- [Given data]
____________________
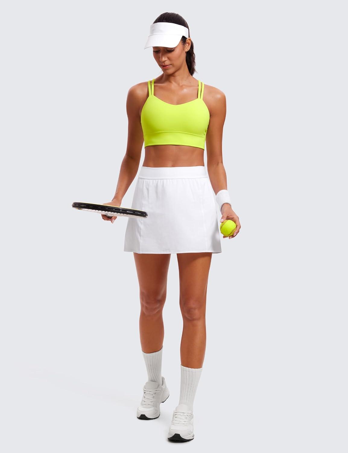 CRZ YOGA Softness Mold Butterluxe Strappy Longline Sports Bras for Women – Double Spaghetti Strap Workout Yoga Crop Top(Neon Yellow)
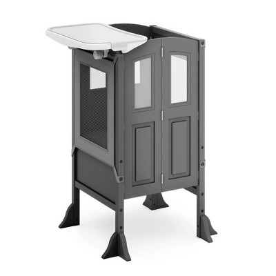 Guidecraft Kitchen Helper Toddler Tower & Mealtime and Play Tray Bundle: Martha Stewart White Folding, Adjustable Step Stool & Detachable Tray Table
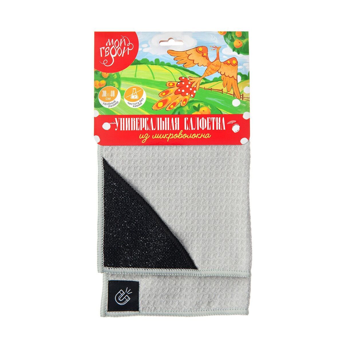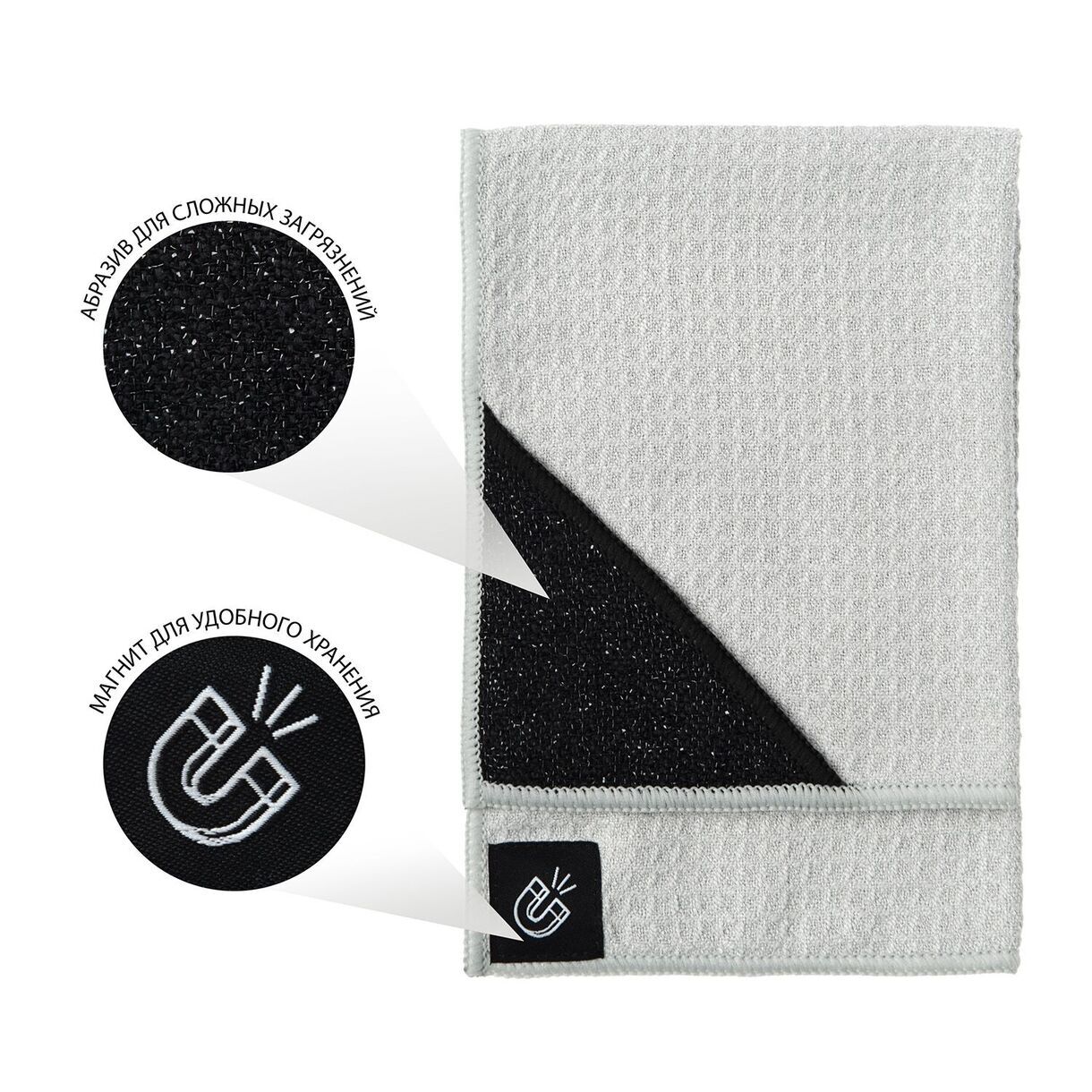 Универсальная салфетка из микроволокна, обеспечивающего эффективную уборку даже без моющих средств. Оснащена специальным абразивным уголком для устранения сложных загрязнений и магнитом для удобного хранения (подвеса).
____________________
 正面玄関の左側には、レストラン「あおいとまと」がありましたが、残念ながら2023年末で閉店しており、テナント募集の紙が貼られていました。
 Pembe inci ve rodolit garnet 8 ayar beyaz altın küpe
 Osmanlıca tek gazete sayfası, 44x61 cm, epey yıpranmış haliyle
____________________
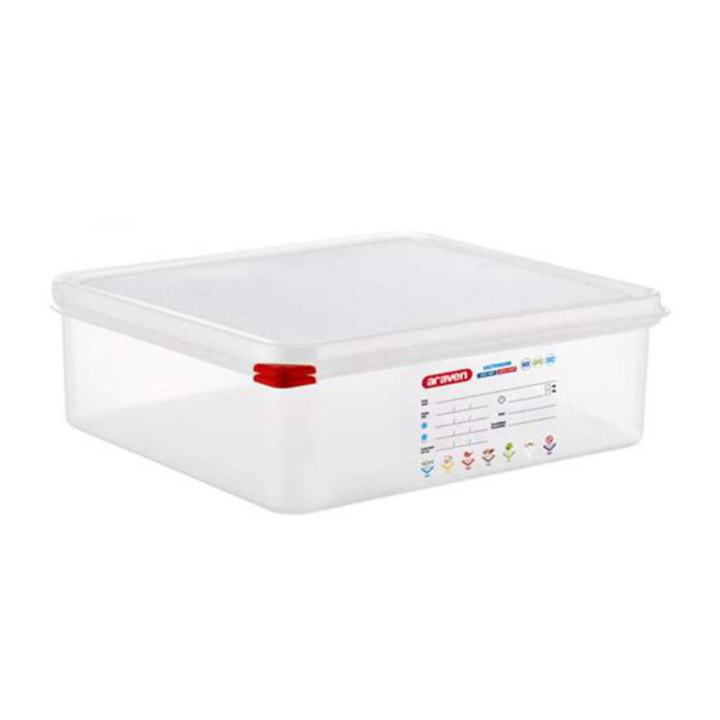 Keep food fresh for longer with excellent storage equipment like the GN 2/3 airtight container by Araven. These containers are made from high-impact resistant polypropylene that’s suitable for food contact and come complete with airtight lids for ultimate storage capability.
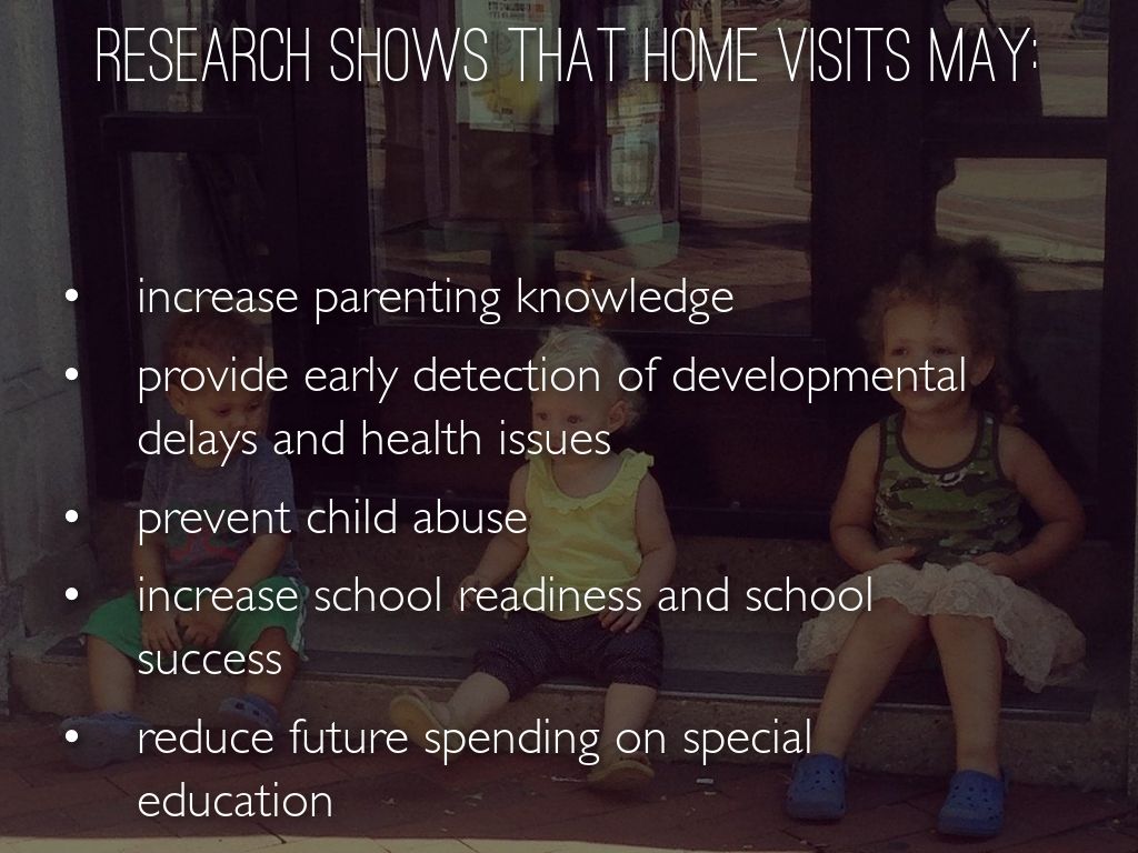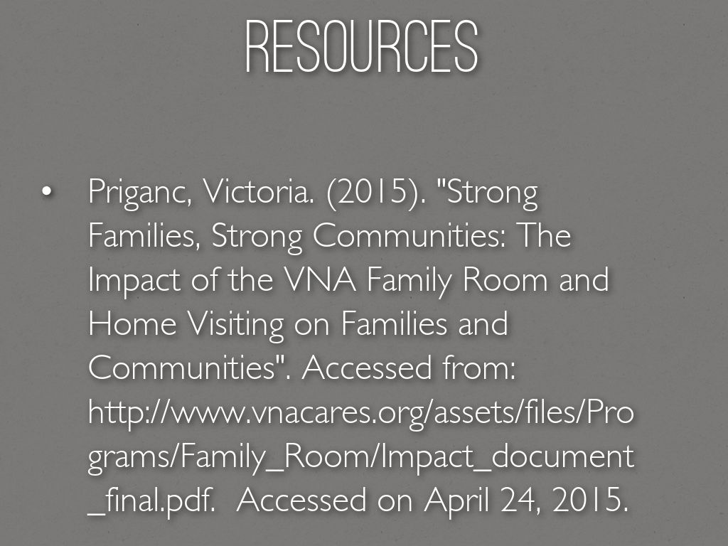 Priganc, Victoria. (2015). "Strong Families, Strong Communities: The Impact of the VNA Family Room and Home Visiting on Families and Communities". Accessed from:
____________________
- [Assignment] Working from the data above, extract solely the lines from the one containing "正面玄関の左側には、レストラ" through the one containing "Osmanlıca tek gazete", exactly as they appear, both included.

- [Answer space]
 正面玄関の左側には、レストラン「あおいとまと」がありましたが、残念ながら2023年末で閉店しており、テナント募集の紙が貼られていました。
 Pembe inci ve rodolit garnet 8 ayar beyaz altın küpe
 Osmanlıca tek gazete sayfası, 44x61 cm, epey yıpranmış haliyle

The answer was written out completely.